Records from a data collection
◆ ◆ ◆ ◆ ◆ ◆ ◆

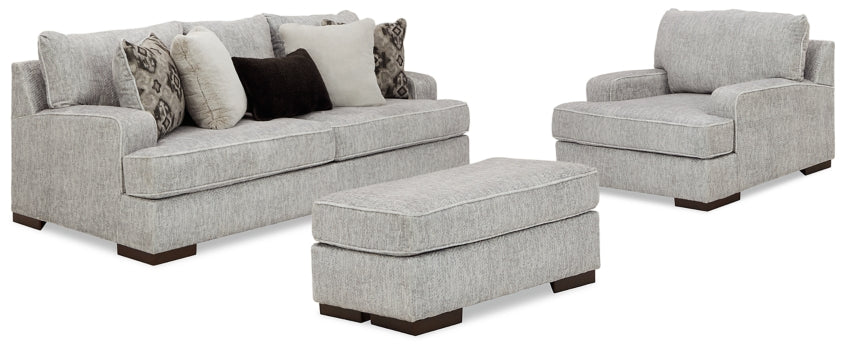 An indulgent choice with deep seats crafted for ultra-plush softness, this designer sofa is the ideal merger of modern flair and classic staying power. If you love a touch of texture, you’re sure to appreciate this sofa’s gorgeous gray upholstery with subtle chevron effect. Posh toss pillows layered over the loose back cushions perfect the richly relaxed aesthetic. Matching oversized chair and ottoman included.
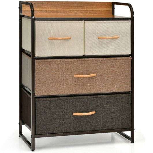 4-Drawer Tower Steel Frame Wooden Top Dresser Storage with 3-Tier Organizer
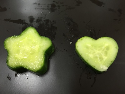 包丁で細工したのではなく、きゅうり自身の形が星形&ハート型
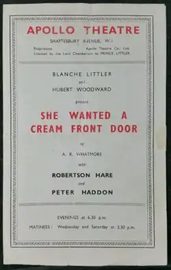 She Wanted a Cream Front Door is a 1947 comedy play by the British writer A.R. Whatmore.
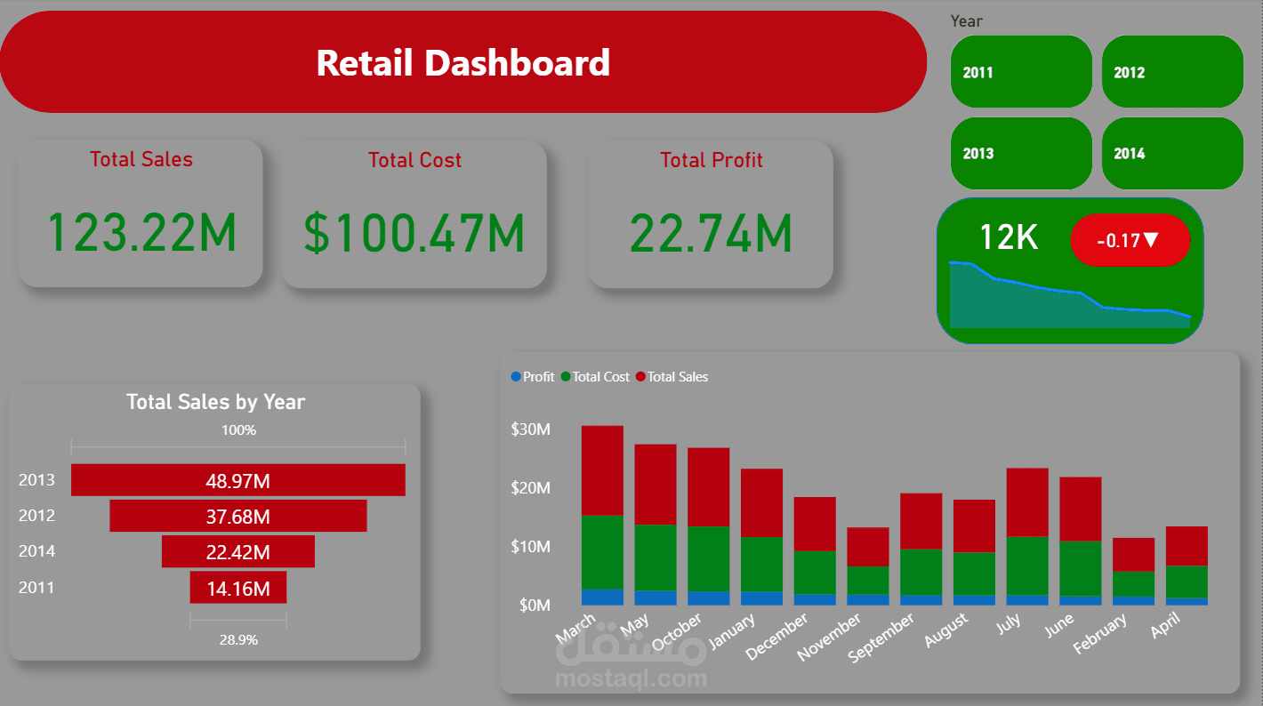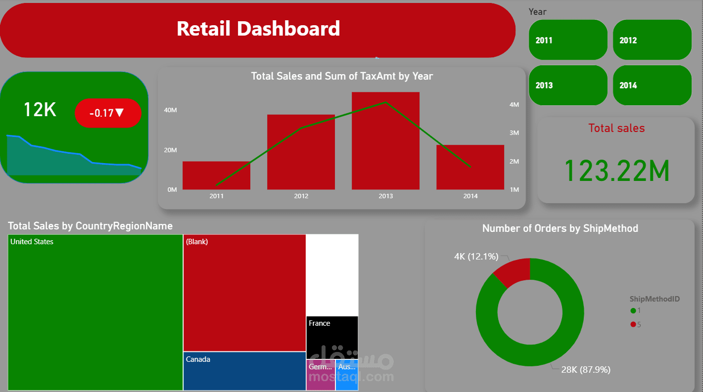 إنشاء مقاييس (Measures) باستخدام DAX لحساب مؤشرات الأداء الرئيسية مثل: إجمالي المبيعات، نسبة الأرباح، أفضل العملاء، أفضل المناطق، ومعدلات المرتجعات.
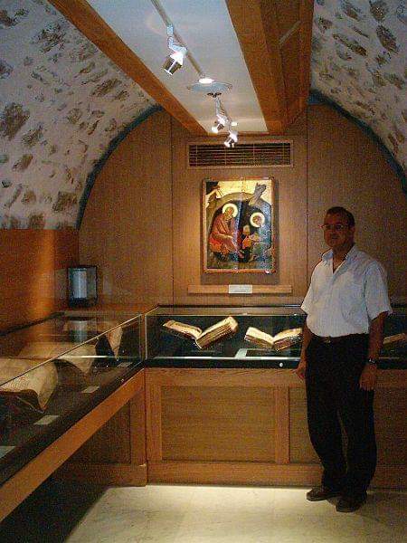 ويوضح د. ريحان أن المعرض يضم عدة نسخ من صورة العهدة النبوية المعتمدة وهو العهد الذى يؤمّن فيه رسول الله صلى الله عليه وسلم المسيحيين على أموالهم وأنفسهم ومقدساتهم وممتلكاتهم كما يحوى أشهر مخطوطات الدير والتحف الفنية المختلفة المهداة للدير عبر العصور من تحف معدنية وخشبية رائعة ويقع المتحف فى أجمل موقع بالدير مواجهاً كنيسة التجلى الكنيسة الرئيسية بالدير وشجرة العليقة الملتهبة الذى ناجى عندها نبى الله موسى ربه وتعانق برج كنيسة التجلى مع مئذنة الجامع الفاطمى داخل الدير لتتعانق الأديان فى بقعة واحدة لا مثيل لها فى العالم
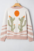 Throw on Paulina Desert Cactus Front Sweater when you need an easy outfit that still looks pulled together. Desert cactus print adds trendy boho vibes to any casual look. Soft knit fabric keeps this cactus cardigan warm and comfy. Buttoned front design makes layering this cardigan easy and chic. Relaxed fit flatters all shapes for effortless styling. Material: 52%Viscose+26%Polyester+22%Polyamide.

◆ ◆ ◆ ◆ ◆ ◆ ◆

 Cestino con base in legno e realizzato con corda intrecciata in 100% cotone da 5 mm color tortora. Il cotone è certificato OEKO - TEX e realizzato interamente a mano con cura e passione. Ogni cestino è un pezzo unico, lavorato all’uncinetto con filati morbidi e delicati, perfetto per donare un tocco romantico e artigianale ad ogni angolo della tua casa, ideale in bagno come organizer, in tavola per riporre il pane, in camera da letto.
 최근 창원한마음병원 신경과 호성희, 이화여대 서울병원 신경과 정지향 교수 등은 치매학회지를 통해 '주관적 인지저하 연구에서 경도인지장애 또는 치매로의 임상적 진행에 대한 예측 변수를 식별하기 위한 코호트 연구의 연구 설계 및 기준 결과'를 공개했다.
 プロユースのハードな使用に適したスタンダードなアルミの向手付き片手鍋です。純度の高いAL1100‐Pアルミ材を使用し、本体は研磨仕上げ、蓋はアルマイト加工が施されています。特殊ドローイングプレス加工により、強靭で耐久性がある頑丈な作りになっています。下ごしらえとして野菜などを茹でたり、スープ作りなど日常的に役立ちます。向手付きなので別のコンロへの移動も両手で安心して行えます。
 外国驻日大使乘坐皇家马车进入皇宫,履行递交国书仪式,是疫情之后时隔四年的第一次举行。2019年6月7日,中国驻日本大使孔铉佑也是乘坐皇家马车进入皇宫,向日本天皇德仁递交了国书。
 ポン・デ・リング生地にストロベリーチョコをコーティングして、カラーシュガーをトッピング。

◆ ◆ ◆ ◆ ◆ ◆ ◆

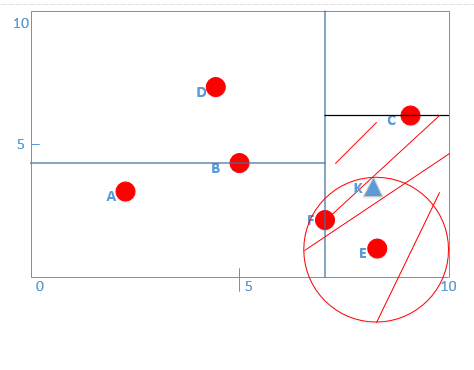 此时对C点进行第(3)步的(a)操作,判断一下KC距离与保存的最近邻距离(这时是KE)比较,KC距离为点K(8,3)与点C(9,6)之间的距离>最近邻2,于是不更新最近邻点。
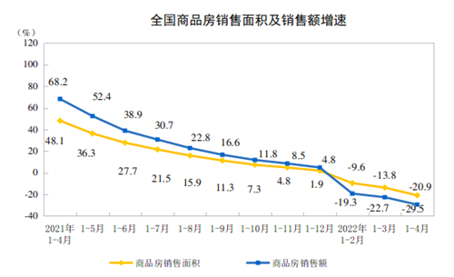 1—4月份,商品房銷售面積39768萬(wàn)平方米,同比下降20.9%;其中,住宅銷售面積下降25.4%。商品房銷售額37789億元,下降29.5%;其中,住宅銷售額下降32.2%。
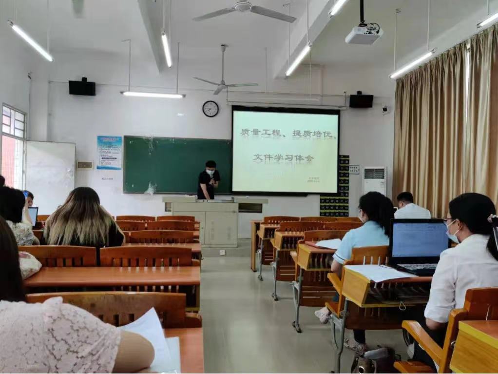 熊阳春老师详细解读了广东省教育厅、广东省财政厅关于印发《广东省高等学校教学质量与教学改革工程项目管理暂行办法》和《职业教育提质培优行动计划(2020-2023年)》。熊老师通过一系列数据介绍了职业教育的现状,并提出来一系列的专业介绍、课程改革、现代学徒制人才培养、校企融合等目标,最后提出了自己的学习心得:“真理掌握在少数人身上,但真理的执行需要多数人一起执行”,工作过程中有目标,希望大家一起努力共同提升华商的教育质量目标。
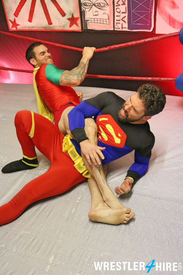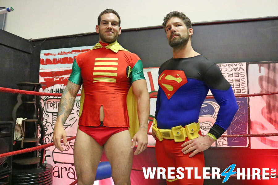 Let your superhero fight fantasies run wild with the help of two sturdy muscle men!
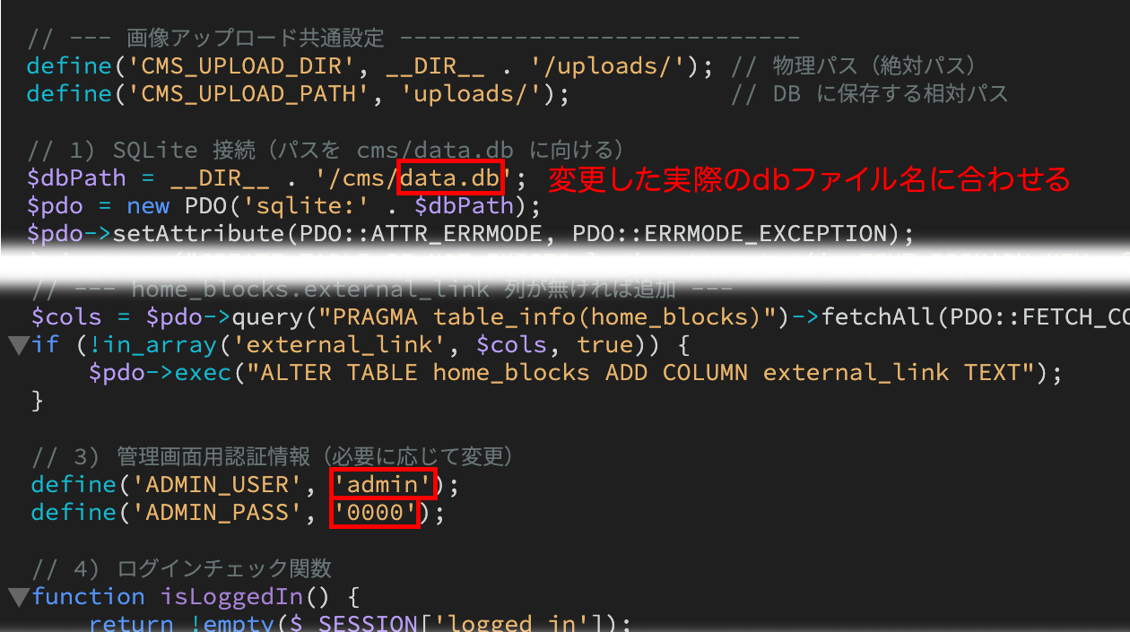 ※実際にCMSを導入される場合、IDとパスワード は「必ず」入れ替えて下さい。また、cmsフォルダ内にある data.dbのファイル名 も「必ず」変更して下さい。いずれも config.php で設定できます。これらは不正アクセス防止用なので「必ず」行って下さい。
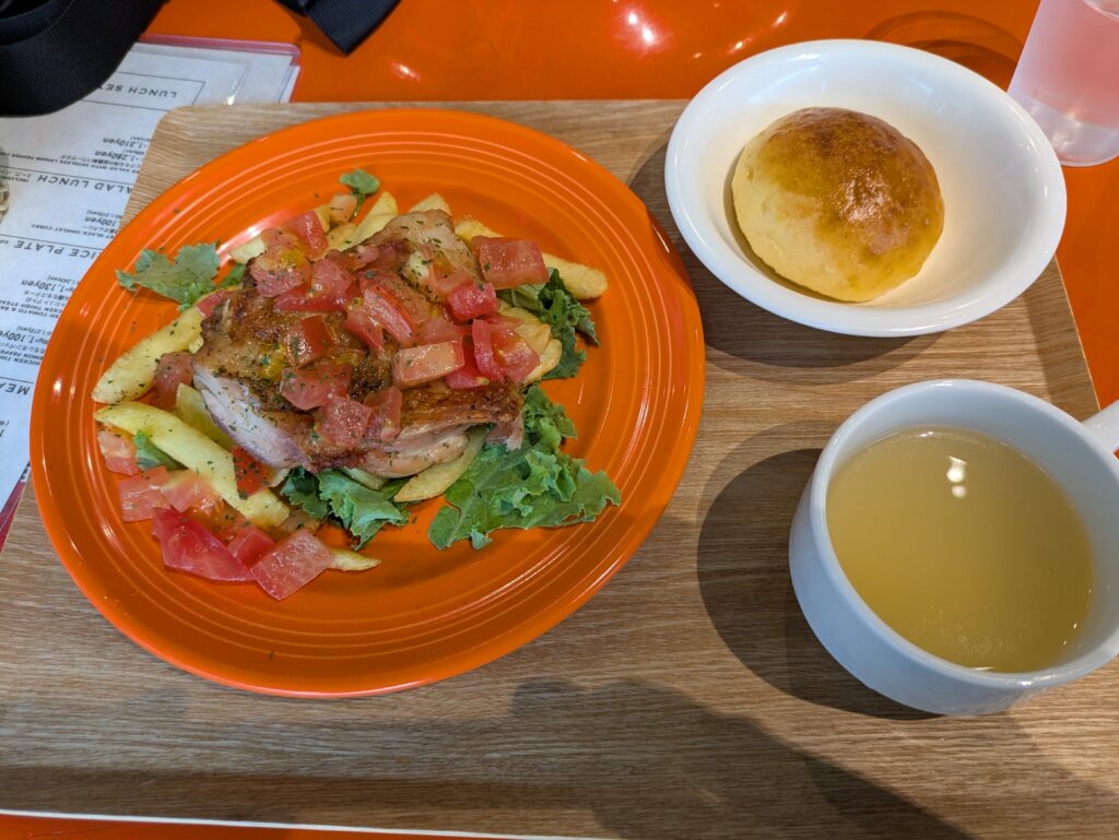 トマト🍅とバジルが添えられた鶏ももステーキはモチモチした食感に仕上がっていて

◆ ◆ ◆ ◆ ◆ ◆ ◆

• TASK DESCRIPTION
Going by the data above, give back only the lines from the one containing "此时对C点进行第(3)步的(a)操作,判" through the one containing "トマト🍅とバジルが添えられた鶏ももステーキはモチモチした食感に仕上がっていて", exactly as they stand, both ends included and no images.

• RESPONSE BOX
 此时对C点进行第(3)步的(a)操作,判断一下KC距离与保存的最近邻距离(这时是KE)比较,KC距离为点K(8,3)与点C(9,6)之间的距离>最近邻2,于是不更新最近邻点。
 1—4月份,商品房銷售面積39768萬(wàn)平方米,同比下降20.9%;其中,住宅銷售面積下降25.4%。商品房銷售額37789億元,下降29.5%;其中,住宅銷售額下降32.2%。
 熊阳春老师详细解读了广东省教育厅、广东省财政厅关于印发《广东省高等学校教学质量与教学改革工程项目管理暂行办法》和《职业教育提质培优行动计划(2020-2023年)》。熊老师通过一系列数据介绍了职业教育的现状,并提出来一系列的专业介绍、课程改革、现代学徒制人才培养、校企融合等目标,最后提出了自己的学习心得:“真理掌握在少数人身上,但真理的执行需要多数人一起执行”,工作过程中有目标,希望大家一起努力共同提升华商的教育质量目标。
 Let your superhero fight fantasies run wild with the help of two sturdy muscle men!
 ※実際にCMSを導入される場合、IDとパスワード は「必ず」入れ替えて下さい。また、cmsフォルダ内にある data.dbのファイル名 も「必ず」変更して下さい。いずれも config.php で設定できます。これらは不正アクセス防止用なので「必ず」行って下さい。
 トマト🍅とバジルが添えられた鶏ももステーキはモチモチした食感に仕上がっていて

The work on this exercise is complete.